M.E. Association (U.K.)
Systemic exertion intolerance disease does not exactly roll off the tongue. IOM committee member Ronald Davis, a biochemist who heads the genome center at Stanford University in Palo Alto, California, says the group considered about 100 options. "Boy, did we struggle with that," he said. "It's hard to come up with a good name, and I don't think this is a perfect name."
Occupy CFS
Since the IOM report came out, the patient/advocate online community has been on fire. Everyone is staking out a position. You like the name, or you don't; you think the definition will work, or it won't. And I have plenty to say about these issues, too. But what I don't hear people asking is: what is HHS going to do with this IOM report?
On Point WBUR Podcast discussing the IOM findings.
Guests:
Dr. Ellen Wright Clayton, professor of pediatrics and professor of law at Vanderbilt
University. (Co-founder of the Center for Biomedical Ethics and Society at
Vanderbilt.)
Dr. Derek Enlander, director of the Mount Sinai ME / CFS Center.
Dr. Daniel Neides, medical director for the Wellness Institute at the Cleveland Clinic.
Jennifer Brea, director of "Canary in a Coal Mine" and a ME/ CFS patient.
Cort Johnson, at his
Health Rising blog, wrote again about the name change, a week after the IOM announcement after reading other responses.
The name was certainly controversial but a significant portion of readers did not object. In a poll attracting about 750 people, a solid majority (43-29%) felt it was preferable to "ME/CFS". Fifty percent felt the name would at least moderately help their doctors to better understand their illness.

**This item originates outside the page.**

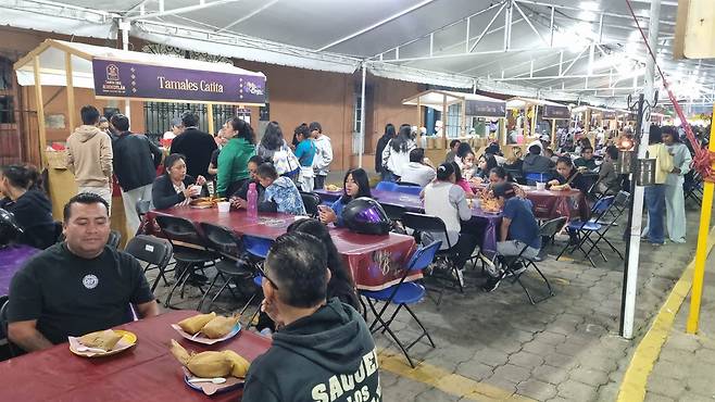| ▲ 이 축제에서 주가 되는 음식은 전통적인 타말레(tamales)와 아톨레(atole)이다. 성당 건축 노동을 돕던 여성들이 밤에 남편들에게 가져다주던 음식이었다. |

Still, little evidence that name was well-liked could be found with 75% stating it had either a moderate or high "cringe factor" and a significant subset of patients were absolutely opposed to it.
ACKNOWLEDGEMENTS
Thanks are owed to the excellent published articles from the SEID community, and for the encouragement and technical assistance of KosAbility admins and of New Diarists group admin/editor belinda ridgewood, who carried me through the drafting process and was my first reader.